Emery S. Pluff, 59, of South St. Paul, Minn., was arrested in February for allegedly robbing and molesting his wife (which he did, police said, pretending he was a stranger). For reasons not yet apparent, Pluff allegedly faked going to work on the morning of Jan. 30 and instead donned a black cape and a Halloween mask the family kept in the garage and entered the house, where he surprised his wife and dragged her into a back room.

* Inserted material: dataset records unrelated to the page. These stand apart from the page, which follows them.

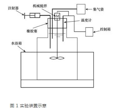 本實(shí)驗(yàn)使用的裝置為有效容積為1.0 L的玻璃瓶,外置黑布,瓶口橡膠塞上開(kāi)兩孔,分別用于攪拌和取樣(圖 1).為保證系統(tǒng)的密封性,取樣采用注射器進(jìn)行抽取.反應(yīng)器配置攪拌裝置維持轉(zhuǎn)速為80 r˙min-1.反應(yīng)裝置放在恒溫水浴鍋中,溫度設(shè)為35℃.本實(shí)驗(yàn)的水力停留時(shí)間為8 h,每隔0.5 h取一次樣進(jìn)行水質(zhì)分析,進(jìn)水pH控制在7.5左右.
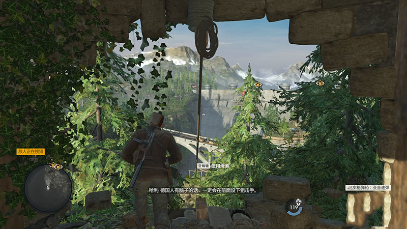 左手边刚好有一个背对着我们的士兵,附近有水流的声音,会影响敌人的听力,我们可以直接跑着去他背后用E击杀他,画面上方的线条就是此时的声音大小,这个声音越大越方便我们行动。大多数士兵的尸体都可以按住E键搜索物品,没有资源的时候可以搜索一下。
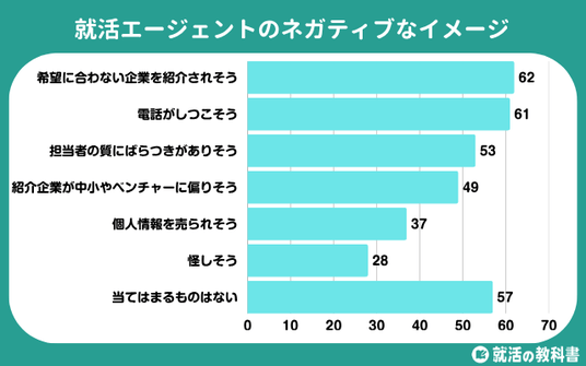 就活エージェントのネガティブなイメージで最も多いのは「希望に合わない企業を紹介されそう」(62人)でした。
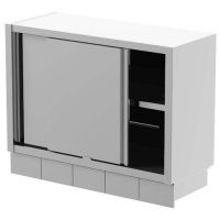 Typology : avec tiroirs Dimensions (mm) : 800 x 400 x 670 En acier inox AISI 304 Avec portes coulissantes et fond fermé
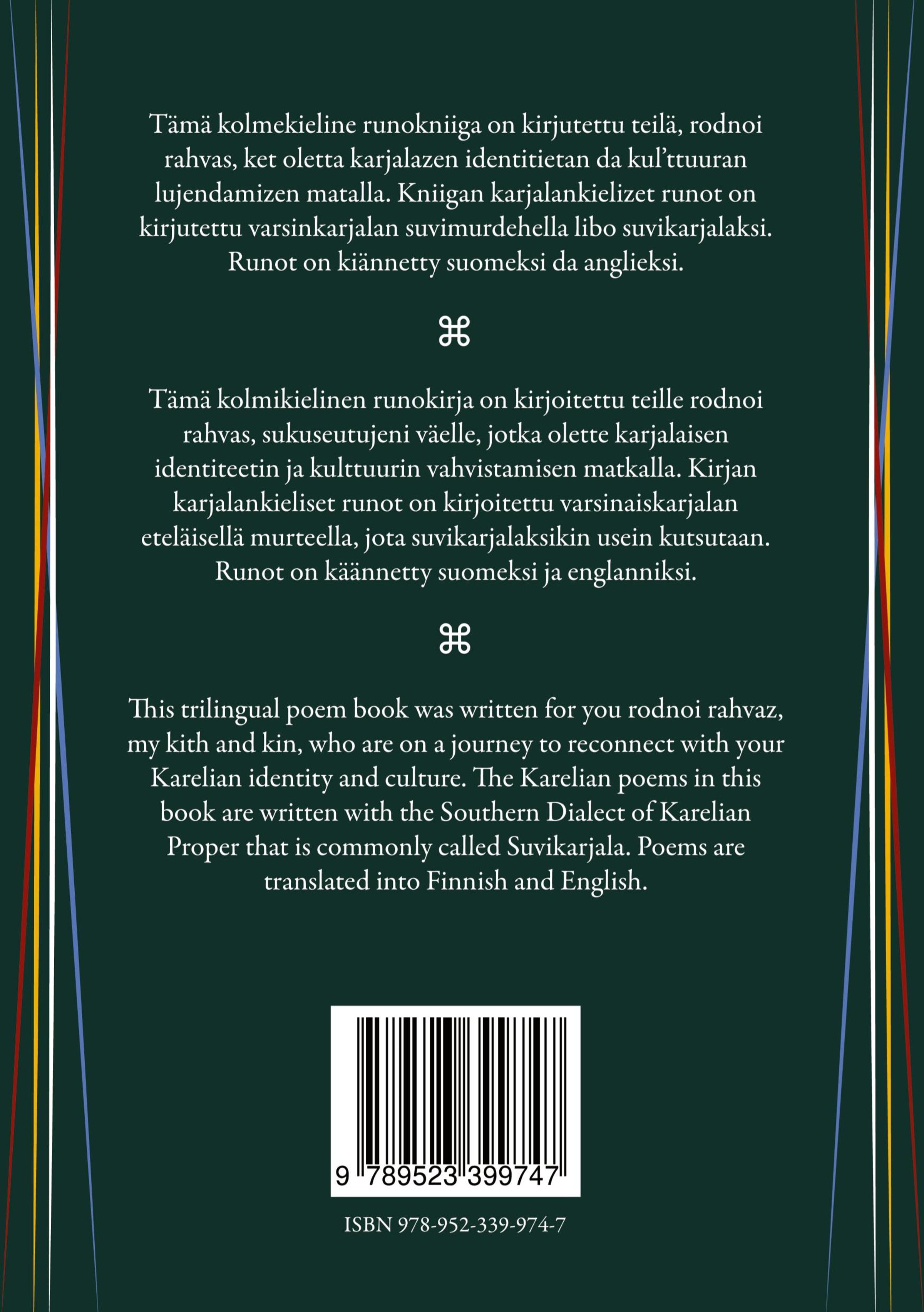 This trilingual poem book was written for you rodnoi rahvaz, my kith and kin, who are on a journey to reconnect with your Karelian identity and culture. The Karelian poems in this collection are written in the Southern Dialect of Karelian Proper, commonly called Suvikarjala. Each poem is translated into Finnish and English.

She apparently was not the least bit puzzled by her perpetrator's identity and asked Emery repeatedly why he was doing this. According to police, Emery replied, "I'm not Emery." Police said Emery then took some money from his wife and fled, winding up at work, where he was arrested.
A high-school senior was killed, apparently playing a game of chicken with a San Francisco Municipal Railway street car (40 tons) just after midnight on Jan. 3. A 22-year-old man was accidentally shot to death on Christmas Eve after he placed a plastic cup on top of his head and consented to his friend's request to try to shoot it off (Aurora, Colo.). A 24-year-old man was killed in a police chase that reached 105 mph, begun when the man drove over lawns in a residential neighborhood at 3 a.m. and ended when the man drove through three fences and accidentally off a cliff (Plainview, Texas).
A University of Mississippi pharmacy professor continued to seek drug company funds for trials to test his mild "medicinal marijuana" suppositories. A 37-year-old man was arrested and charged in connection with the recent disappearance, one at a time, of more than 100 stepladders in a small town (Jeffersonville, Ind.). A 38-year-old man was arrested, and his warehoused arsenal of guns seized, after he was spotted in a city park taking target practice at a photo of his mother-in-law (Brooklyn, N.Y.). Two high school teachers were suspended and charged with giving a student higher grades in exchange for price breaks on groceries at a store where the student is a clerk (Canonsburg, Pa.).